Data:
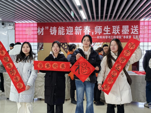 新春佳节,承载着丰富的历史文化内涵,是中华民族最重要的传统节日之一。在这辞旧迎新之际,材料科学与工程学院于1月10日在梅苑和菊苑开展了“增‘材’铸能迎新春,师生联墨送祝福”迎新春送对联活动。活动邀请校关工委副主任储成祥老师,学院党委副书记、副院长吕蔷蔷、各年级辅导员老师及梅苑、菊苑的宿管阿姨们,共同书写新春对联,将美好祝愿融入墨香之中。
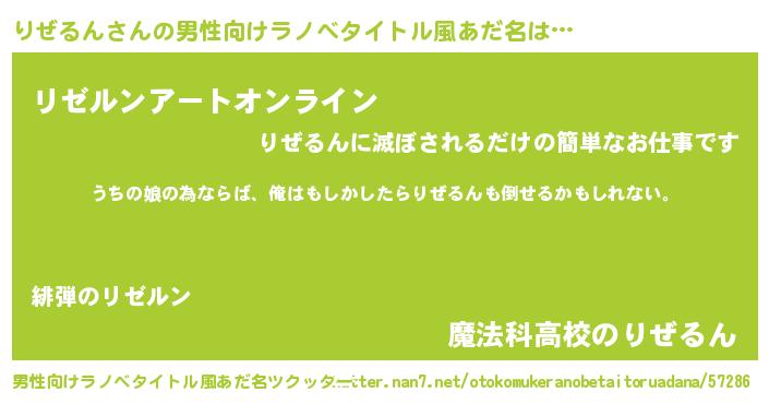 | ヒーロー風カッコイイあだ名 | 『ウルトラりぜるんマン』『ネオリゼルン』 |
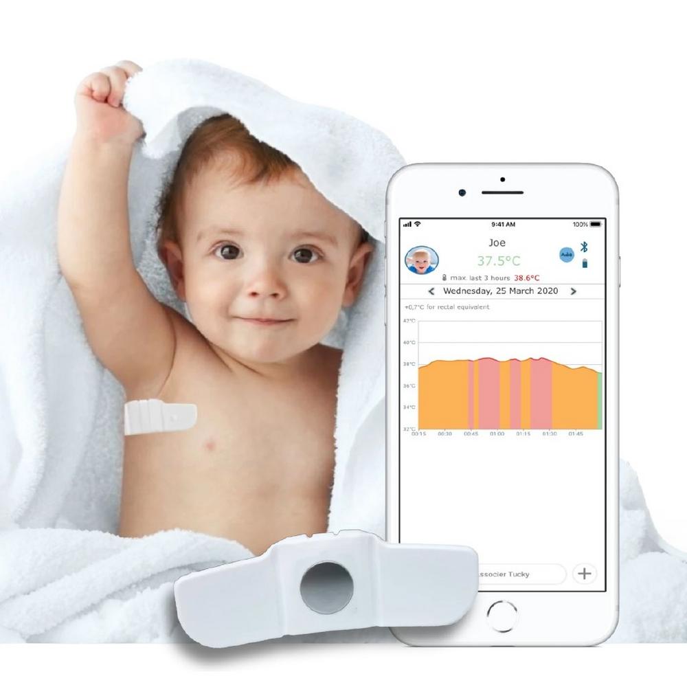 Das Tucky Smart-Pflaster wird unter der Achsel befestigt und überträgt kontinuierlich Temperatur- und Lagewerte via energiesparendem Bluetooth an eine App. Es wiegt nur acht Gramm, sendet 250-mal weniger Strahlung als ein Babyfon und ist dank hypoallergener Pflaster auch für empfindliche Haut geeignet.

About this task: Go through the material and set it down again exactly, but without any pictures.

Answer to the exercise:
 新春佳节,承载着丰富的历史文化内涵,是中华民族最重要的传统节日之一。在这辞旧迎新之际,材料科学与工程学院于1月10日在梅苑和菊苑开展了“增‘材’铸能迎新春,师生联墨送祝福”迎新春送对联活动。活动邀请校关工委副主任储成祥老师,学院党委副书记、副院长吕蔷蔷、各年级辅导员老师及梅苑、菊苑的宿管阿姨们,共同书写新春对联,将美好祝愿融入墨香之中。
 | ヒーロー風カッコイイあだ名 | 『ウルトラりぜるんマン』『ネオリゼルン』 |
 Das Tucky Smart-Pflaster wird unter der Achsel befestigt und überträgt kontinuierlich Temperatur- und Lagewerte via energiesparendem Bluetooth an eine App. Es wiegt nur acht Gramm, sendet 250-mal weniger Strahlung als ein Babyfon und ist dank hypoallergener Pflaster auch für empfindliche Haut geeignet.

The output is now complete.